Dataset entries —
################
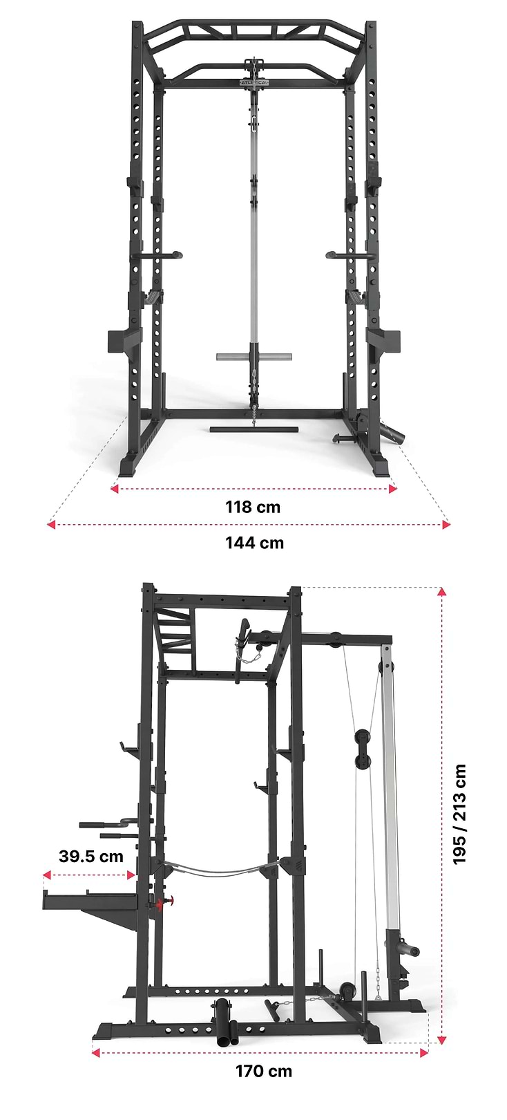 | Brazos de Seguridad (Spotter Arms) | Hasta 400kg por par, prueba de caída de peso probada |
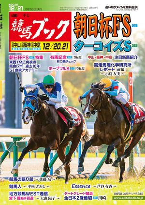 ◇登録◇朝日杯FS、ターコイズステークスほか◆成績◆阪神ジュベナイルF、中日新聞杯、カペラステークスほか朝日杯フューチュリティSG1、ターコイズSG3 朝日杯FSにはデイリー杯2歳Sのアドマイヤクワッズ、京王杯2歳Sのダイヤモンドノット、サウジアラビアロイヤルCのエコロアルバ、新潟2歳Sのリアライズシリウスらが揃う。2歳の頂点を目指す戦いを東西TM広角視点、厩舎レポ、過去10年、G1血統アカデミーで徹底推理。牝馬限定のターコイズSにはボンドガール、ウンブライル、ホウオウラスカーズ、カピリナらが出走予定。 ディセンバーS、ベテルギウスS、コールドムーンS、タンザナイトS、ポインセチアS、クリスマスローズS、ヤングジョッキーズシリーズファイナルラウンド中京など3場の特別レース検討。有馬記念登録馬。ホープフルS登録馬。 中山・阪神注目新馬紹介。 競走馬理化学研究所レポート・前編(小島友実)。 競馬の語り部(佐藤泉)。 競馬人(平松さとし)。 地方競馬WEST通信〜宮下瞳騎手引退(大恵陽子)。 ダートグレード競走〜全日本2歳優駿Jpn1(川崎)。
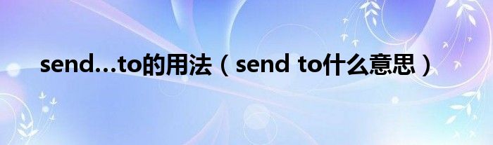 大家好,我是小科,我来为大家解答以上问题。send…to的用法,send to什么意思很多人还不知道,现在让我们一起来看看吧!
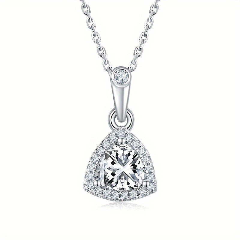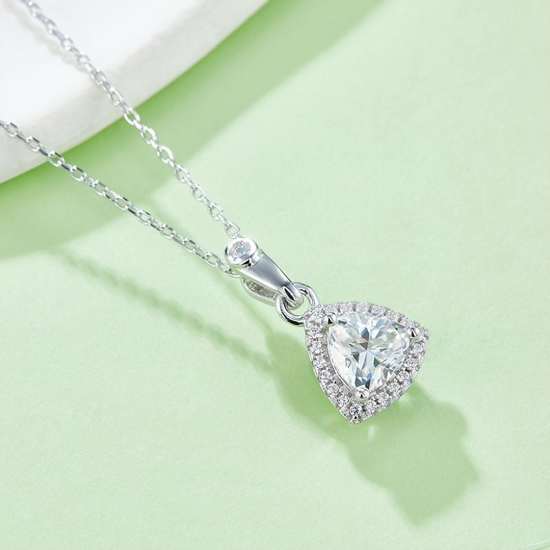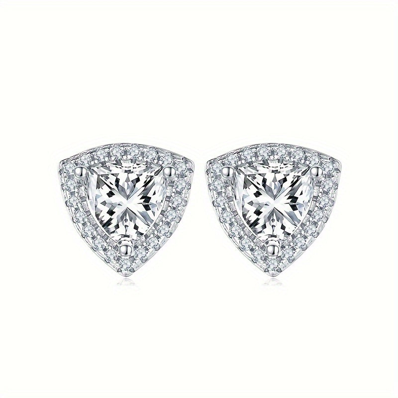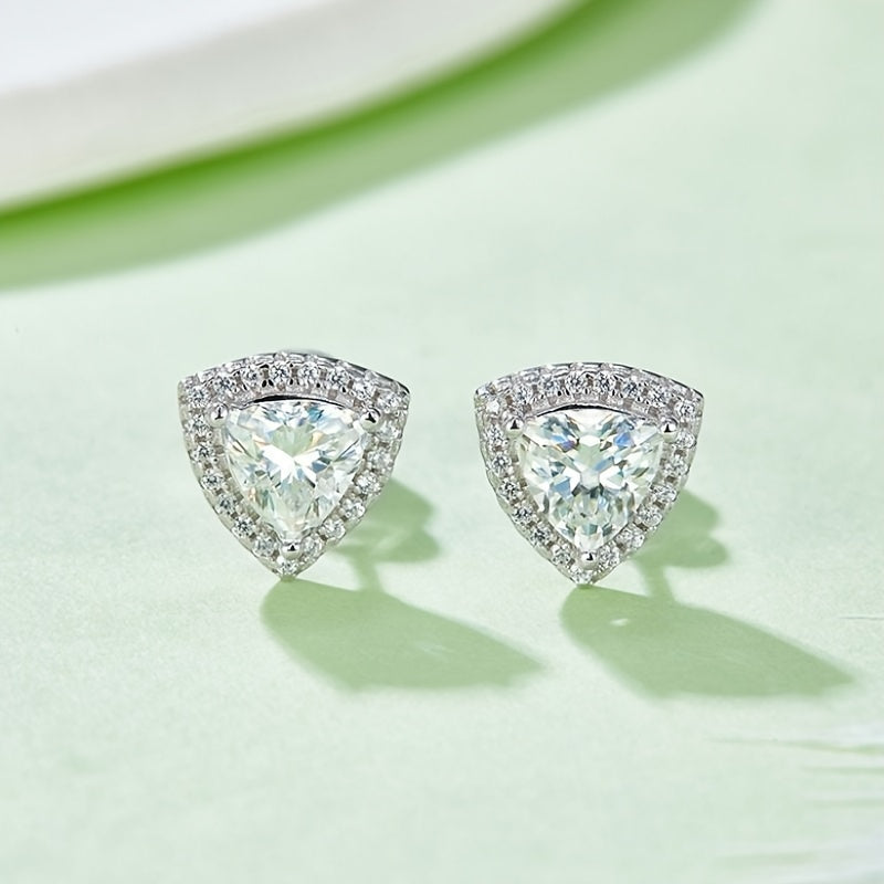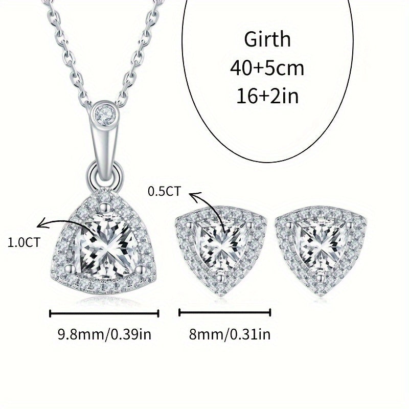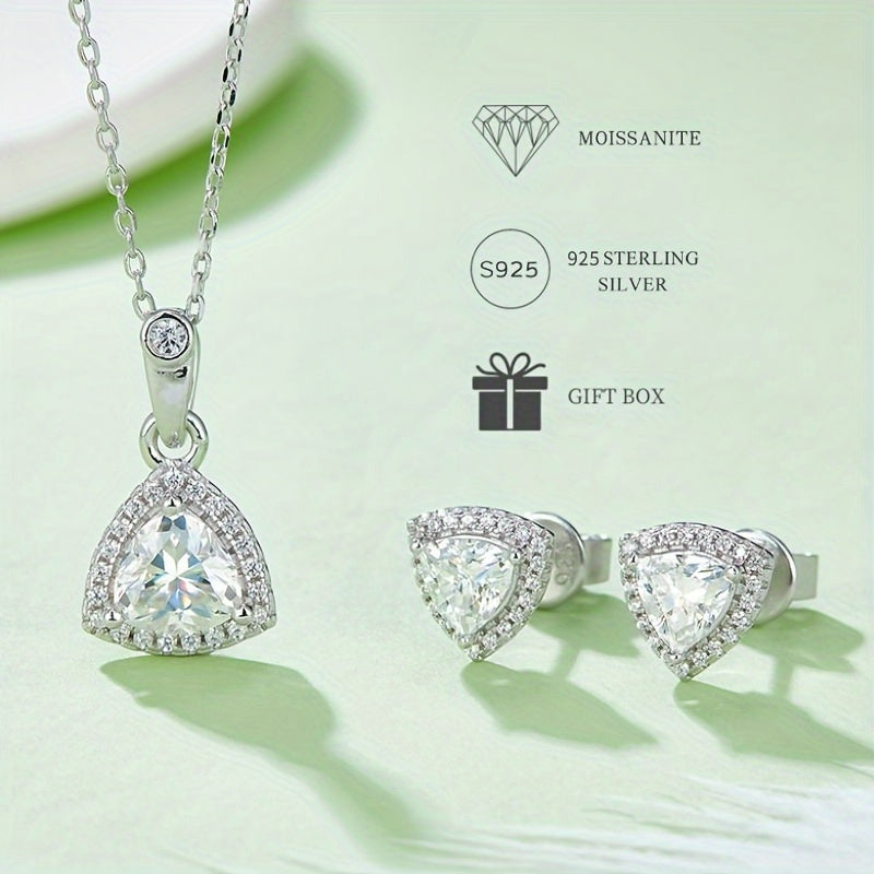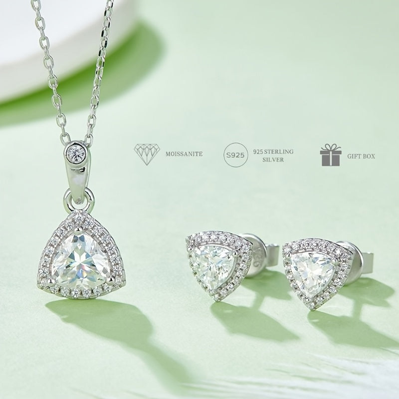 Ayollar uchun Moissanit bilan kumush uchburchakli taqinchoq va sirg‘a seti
################
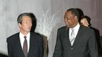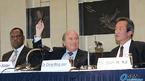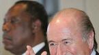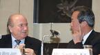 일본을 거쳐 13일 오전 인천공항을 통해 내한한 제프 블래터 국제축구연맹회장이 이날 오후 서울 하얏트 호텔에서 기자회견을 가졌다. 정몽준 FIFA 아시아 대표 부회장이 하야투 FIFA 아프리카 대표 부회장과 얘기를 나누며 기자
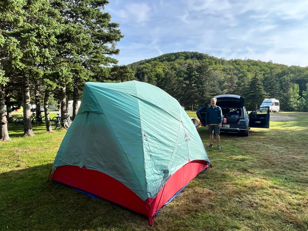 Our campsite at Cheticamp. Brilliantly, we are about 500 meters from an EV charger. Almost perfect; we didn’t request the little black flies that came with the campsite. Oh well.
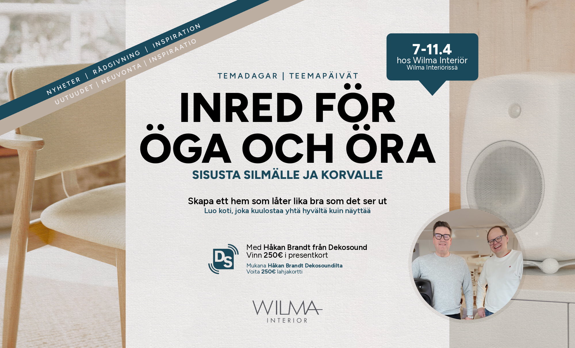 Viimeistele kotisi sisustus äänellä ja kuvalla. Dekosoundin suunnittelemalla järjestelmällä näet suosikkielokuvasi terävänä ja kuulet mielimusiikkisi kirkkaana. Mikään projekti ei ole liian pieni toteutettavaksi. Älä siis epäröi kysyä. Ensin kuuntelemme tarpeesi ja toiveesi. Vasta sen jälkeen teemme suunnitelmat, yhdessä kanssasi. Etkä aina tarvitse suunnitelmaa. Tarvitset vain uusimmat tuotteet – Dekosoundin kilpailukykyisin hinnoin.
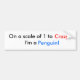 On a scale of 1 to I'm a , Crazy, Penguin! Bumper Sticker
################
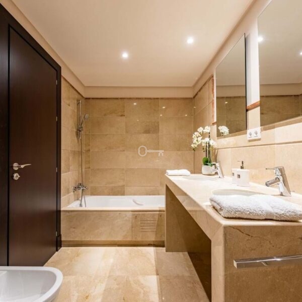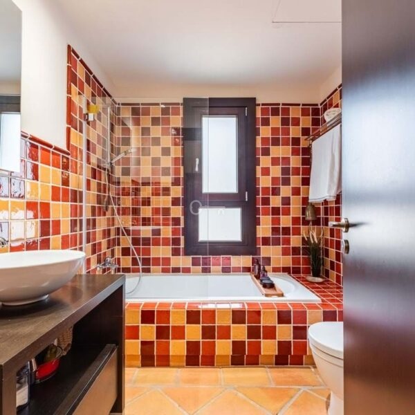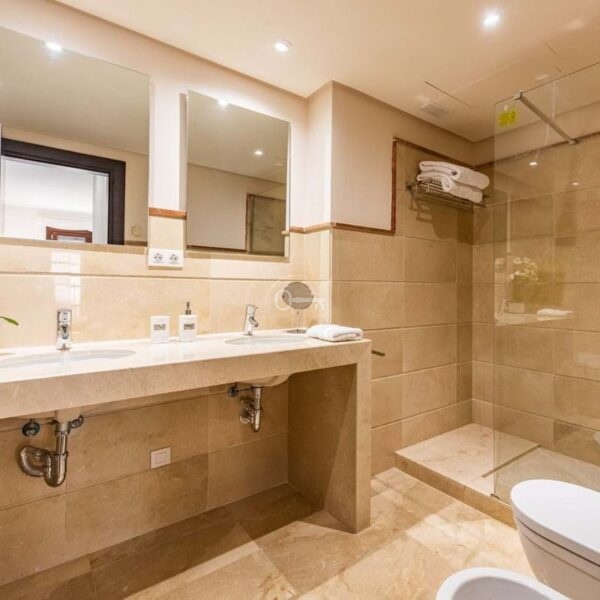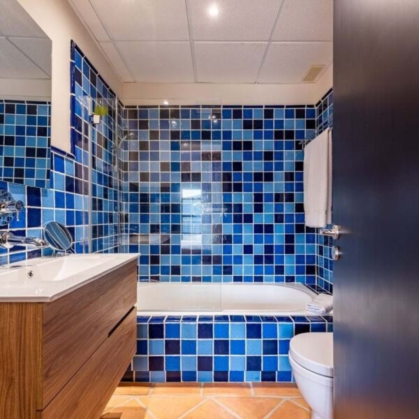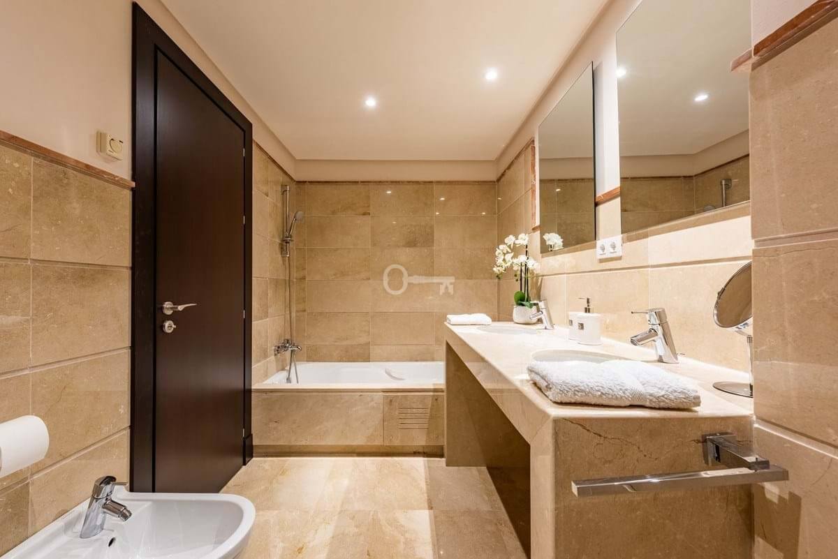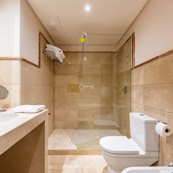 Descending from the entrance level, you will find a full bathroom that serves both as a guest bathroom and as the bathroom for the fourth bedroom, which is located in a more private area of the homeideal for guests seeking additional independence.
################
Exercise —
Return only the stretch above from the line containing "競馬人(平松さとし)。 地方競馬WEST通信〜宮下瞳騎手引退(大恵陽子)。 ダートグレード競走〜全日本2歳優駿Jpn1(川崎)。" through the line containing "Ayollar uchun Moissanit", word for word and without pictures.

Solution below —
 ◇登録◇朝日杯FS、ターコイズステークスほか◆成績◆阪神ジュベナイルF、中日新聞杯、カペラステークスほか朝日杯フューチュリティSG1、ターコイズSG3 朝日杯FSにはデイリー杯2歳Sのアドマイヤクワッズ、京王杯2歳Sのダイヤモンドノット、サウジアラビアロイヤルCのエコロアルバ、新潟2歳Sのリアライズシリウスらが揃う。2歳の頂点を目指す戦いを東西TM広角視点、厩舎レポ、過去10年、G1血統アカデミーで徹底推理。牝馬限定のターコイズSにはボンドガール、ウンブライル、ホウオウラスカーズ、カピリナらが出走予定。 ディセンバーS、ベテルギウスS、コールドムーンS、タンザナイトS、ポインセチアS、クリスマスローズS、ヤングジョッキーズシリーズファイナルラウンド中京など3場の特別レース検討。有馬記念登録馬。ホープフルS登録馬。 中山・阪神注目新馬紹介。 競走馬理化学研究所レポート・前編(小島友実)。 競馬の語り部(佐藤泉)。 競馬人(平松さとし)。 地方競馬WEST通信〜宮下瞳騎手引退(大恵陽子)。 ダートグレード競走〜全日本2歳優駿Jpn1(川崎)。
 大家好,我是小科,我来为大家解答以上问题。send…to的用法,send to什么意思很多人还不知道,现在让我们一起来看看吧!
 Ayollar uchun Moissanit bilan kumush uchburchakli taqinchoq va sirg‘a seti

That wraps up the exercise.